No prefácio de “Memórias Póstumas de Brás Cubas”, em que Machado de Assis escreve o direcionando ao leitor, há uma referência à Stendhal que muito me marcou. Disse o Grande Bruxo, que Stendhal confessou quando da confecção de um de seus livros, que o havia escrito para não mais que cem leitores.

Modestamente, Machado de Assis, ou melhor, Brás Cubas afirmou que não se admiraria que seu livro tivesse no máximo cinqüenta leitores... Depois, quedou-se a reduzir o número dos possíveis leitores das Memórias Póstumas gradativamente... até que titubeante declinou cinco leitores. Cinco (!!!).

Ora! Forçoso seria relembrar que o livro “Memórias Póstumas de Brás Cubas”, publicado em 1881, foi e é a obra mais destacada de Machado de Assis, este consagrado o maior escritor brasileiro de todos os tempos.

Em verdade, depois de fazer tão ousada referência é imperioso esclarecer que o objetivo pretendido aqui nesta sutil página de internet não é esperar que leiam minhas divagações os cinco leitores do “Defunto Autor” e tampouco os cem de Stendhal...

Aqui, caro leitor, encontrará apenas cacos... contas de vidro, nem sempre coloridas.

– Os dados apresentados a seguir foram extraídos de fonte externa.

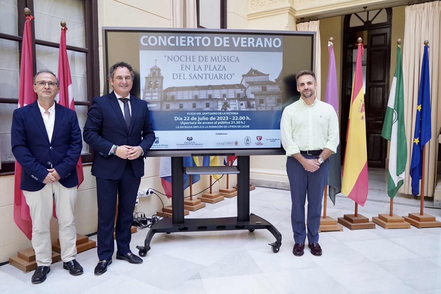 LA ORQUESTA FILARMÓNICA DE MÁLAGA OFRECE UN CONCIERTO SOLIDARIO EN LA PLAZA DEL SANTUARIO DE LA VICTORIA 14/7/2023 Imagen El concierto se celebrará la noche del 22 de julio con un programa de bandas sonoras de cine Las entradas se podrán adquirir a cambio de un litro de leche que se destinará a las entidades solidarias del distrito Documentos NOTA INFORMATIVA.pdf 340,09 KB kb Galería de imágenes

Ou retalhos que juntos podem formar enfeites e até mesmo histórias engraçadas.
O que terá é o encontro despretensioso de amigos...
Amigos pensadores ou pensadores amigos? Amigos decerto. Apresentando cacos... juntando cacos... retalhos de vida, ora iguais, ora diferentes. Às vezes parecidos. Mas que juntos podem formar um vitral para que raios de sol por ele passe...
Para o mais, parafraseando novamente Brás Cubas, o que espero é “angariar as simpatias da opinião, e o melhor remédio é fugir de um prólogo explícito e longo ”.
Se nosso blog te agradar, “fino leitor, pago-me da tarefa; se não te agradar, pago-te com um piparote, e adeus.”.


Entre Cacos e Vitrais

Fragmentos são espécie de confissões sobre o todo, são pegadas que a plenitude deixa impregnada no mundo.

Cada dia o homem se convence que olhando pequenos pedaços do universo é capaz de encontrar respostas sobre o cosmo todo. O DNA é um exemplo disso, reflete o poder que os retalhos da nossa carga genética pode determinar. Basta uma única célula de um indivíduo para saber qual será sua estatura, sua cor dos olhos, e talvez até sua preferência sexual e possíveis características da personalidade. É uma espécie de predestinação.

Cacos de vida são exatamente isso, fragmentos de lembranças, uma colcha de retalhos com as nossas experiências: sonhos impossíveis, lágrimas tímidas que insistiram em cair, gargalhadas que acordam o prédio todo. Cacos de vida são fotografias das peripécias do acaso. Já um vitral é uma entidade sábia, afinal, ela deixa permite a passagem apenas daquilo que é capaz de iluminar, qualquer coisa que não seja raios de luz são incapazes de transpor suas convictas constituições físicas.

Juntar num mesmo momento cacos e vitrais e construir um holograma quase vivos de sentimentos humanos, é materializar os amores que se esconderam em alguma gaveta da cômoda, ou ficar dias tentando alcançar um ideal que ficou preso no alto de uma árvore.

Vitrais feitos de cacos fazem as luzes que transpassam se alternar em cores, e cor é tudo que faz as coisas serem diferentes, faz sua camiseta amarela ser nitidamente diferente da azul.

É o que faz da vida mais bela a diversidade de luz.